Exemplos de desastres ambientais, infelizmente, não faltam e pululam em distintas partes do mundo em diversar épocas. Desde o maior acidente nuclear da história, em Chernobyl, na Ucrânia, em abril de 1986, ao vazamento de agrotóxicos em Bhopal, na Índia, dois anos antes, em dezembro de 1984, passando pelo acidente radioativo com Cesio 137, em Goiânia, em setembro de 1987, ao vazamento da Central Nuclear de Fukushima I, no Japão, em março de 2011.
Segue a lista: derramamento de óleo no Golfo do México, em abril de 2010, ao derramamento de 257 mil barris de petróleo dos navios Exxon Valdez (pertencente a norte americana Exxon Mobil) e Prestige (petroleiro grego), na costa do Alasca, em 1989 e 2002, respectivamente, causando a morte, segundo estimativas, de 250 mil pássaros marinhos, 2,8 mil lontras marinhas, 250 águias e 22 orcas e mais bilhões de ovos de salmão.

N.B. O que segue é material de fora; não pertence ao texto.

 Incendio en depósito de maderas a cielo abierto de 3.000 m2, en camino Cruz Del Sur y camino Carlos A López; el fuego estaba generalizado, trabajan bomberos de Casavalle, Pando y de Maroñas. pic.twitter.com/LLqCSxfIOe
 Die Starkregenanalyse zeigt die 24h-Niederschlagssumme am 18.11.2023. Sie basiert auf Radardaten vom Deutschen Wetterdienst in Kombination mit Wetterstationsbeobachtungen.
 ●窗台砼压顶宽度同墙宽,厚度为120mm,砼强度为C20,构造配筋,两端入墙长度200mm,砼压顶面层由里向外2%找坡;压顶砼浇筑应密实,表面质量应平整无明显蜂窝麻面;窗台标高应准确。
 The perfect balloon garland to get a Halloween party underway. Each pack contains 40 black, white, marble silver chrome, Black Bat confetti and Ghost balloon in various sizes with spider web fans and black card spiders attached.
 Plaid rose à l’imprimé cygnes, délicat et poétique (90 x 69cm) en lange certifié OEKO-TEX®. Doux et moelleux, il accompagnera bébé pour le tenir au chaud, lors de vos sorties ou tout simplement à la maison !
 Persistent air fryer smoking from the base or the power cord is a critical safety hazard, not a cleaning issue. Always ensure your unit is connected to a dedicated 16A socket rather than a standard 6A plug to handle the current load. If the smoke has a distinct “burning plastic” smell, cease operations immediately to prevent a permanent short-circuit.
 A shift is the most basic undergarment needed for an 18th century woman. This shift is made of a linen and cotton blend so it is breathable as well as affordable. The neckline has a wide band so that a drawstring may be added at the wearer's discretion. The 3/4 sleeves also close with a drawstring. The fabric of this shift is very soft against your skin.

Essa lista pode ser ainda acrescida com o derrame tóxico de alumínio em Ajka, na Hungria, em outubro de 2010; com as concentrações de amônia e compostos de nitrogênio e fósforo nas águas provocando o desenvolvimento desordenado de algas, conhecida como maré vermelha, alimentadas pelo material orgânico do lixo doméstico, verificada na Lagoa de Araruana, no Rio de Janeiro, no final dos anos 1990.
Não fosse a limitação de espaço aqui, a lista prosseguiria com exemplos de devastação de florestas tropicais dizimando espécies animais e vegetais; esgotamento de reservas pesqueiras; com mais da metade dos rios do mundo em elevado estágio de poluição; com os vazamentos de resíduos nucleares; com os derramamentos de cianureto e mercúrio para a produção de ouro; com a poluição tóxica e a diminuição do fitoplâncton dos mares.

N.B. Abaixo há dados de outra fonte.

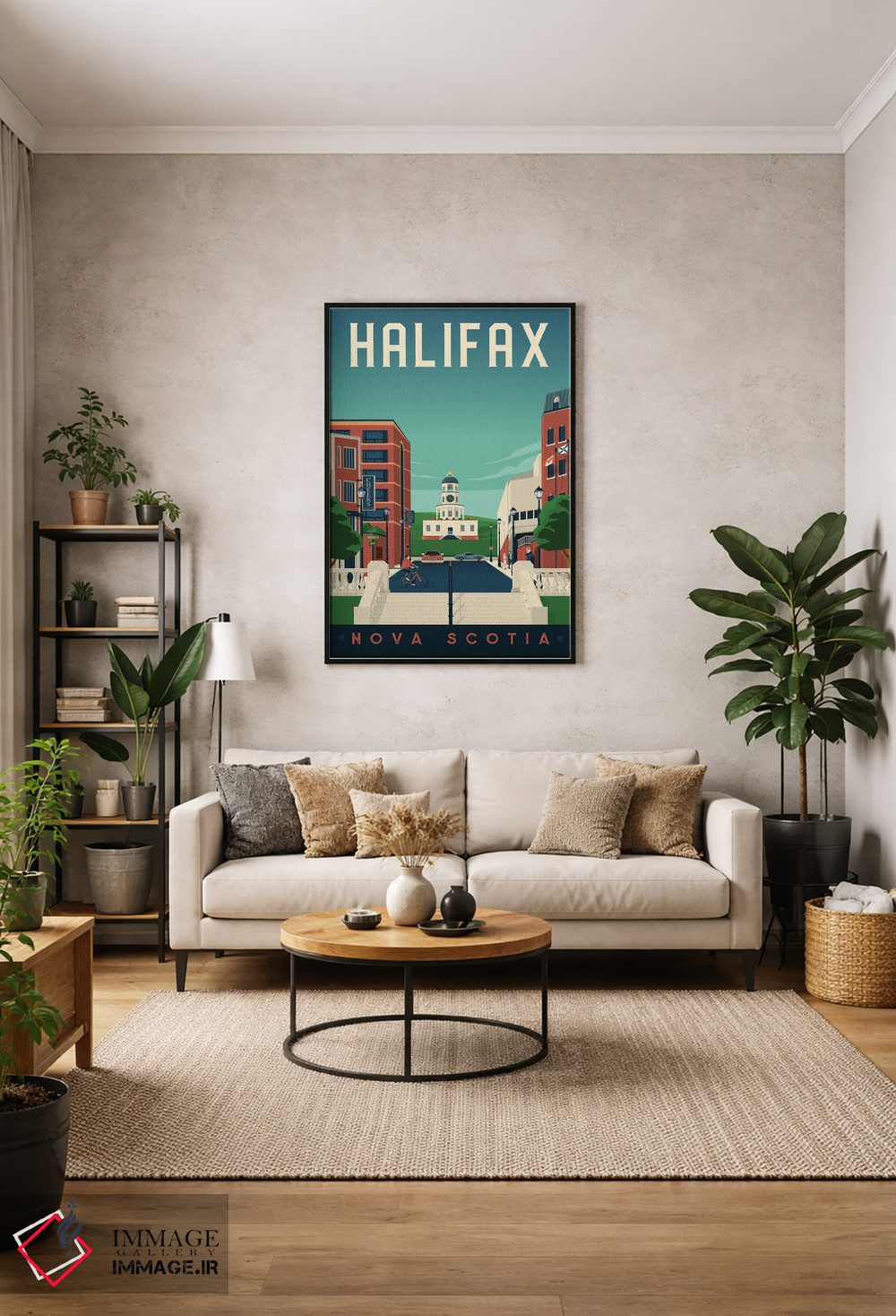 در چیدمانهای صنعتی یا مدرن، «هلیفاکس نوا اسکوشیا کانادا (تصویرسازی سفر)» اثرِ «اولا هوپ تراول پوسترز (پوسترهای مسافرتی؛ استودیو هنری)» با موضوعِ این اثر و زبان هنری خوب میدرخشد.
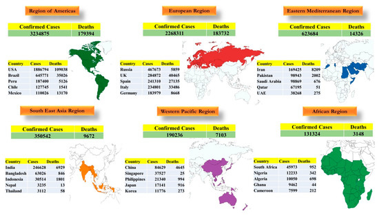 COVID-19 has affected almost every country across the globe. On 31 December 2019, an “urgent notice on the treatment of pneumonia of unknown cause” was issued to the Wuhan Municipal Health Center. The market premises were disinfected, and the stallholders were instructed to wear masks. Till 3 January 2020, 44 case-patients with pneumonia of unknown etiology were reported to the WHO from China, although the cause was not identified. On 7 January 2020, the Chinese authorities identified a new type of CoV and shared its genetic sequence on 12 January 2020. On 9 January, the death of a 61-year-old man was the first reported case of death from COVID-19. The WHO published interim laboratory guidelines for the detection of SARS-CoV-2 [65]. As of 7 June, 2020, COVID-19 distribution was seen globally with large number of confirmed cases and deaths. The WHO defined six regions to distribute the COVID-19 disease (Figure 5).

Com tudo isso, os ecossistemas naturais são fragmentados e degradados numa velocidade assustadora. Apenas um único exemplo: das 17 reservas pesqueiras oceânicas conhecidas no mundo, mais de 60% apresentam uma retirada de peixes mais acelerada que a sua taxa de reprodução.
Agrava-se mais ainda esse fato quando nos damos conta que pelas lentes míopes da macroeconomia convencional – a mesma que desdenha da limitação dos recursos naturais, não reconhecendo ser a economia apenas um subsistema do meio ambiente – tenta-se, a qualquer custo, aliviar os bolsões de pobreza estimulando o crescimento da economia que se dá, essencialmente, sob essa forte tensão sobre os recursos da natureza, quando uma atitude mais ponderada seria promover esse alívio mediante uma justa e equânime redistribuição.
Essa palavra redistribuição parece não encontrar morada nos alicerces que sustentam a sanha consumista dos mercados, alimentada pela produção excessiva que fere a base natural. É justamente por isso que os mais variados desenhos e modelos econômicos praticados por diversas economias nos últimos tempos para alimentar o crescimento econômico que muitos entendem ser sustentável tem sido extremamente agressivo no trato da retirada maciça de matéria-prima da natureza. É aí que residem os focos de tensão que aqui mencionamos.
Disso decorre a inexorável necessidade em promover uma completa reversão desse comportamento atual do crescimento que fere o meio ambiente, visto que essa busca é pouco confiável em termos de benefícios. Nas palavras de José Eli da Veiga, “terá pernas curtas qualquer crescimento que se baseie em depleção dos recursos naturais”, até mesmo porque todo crescimento é sempre depleção.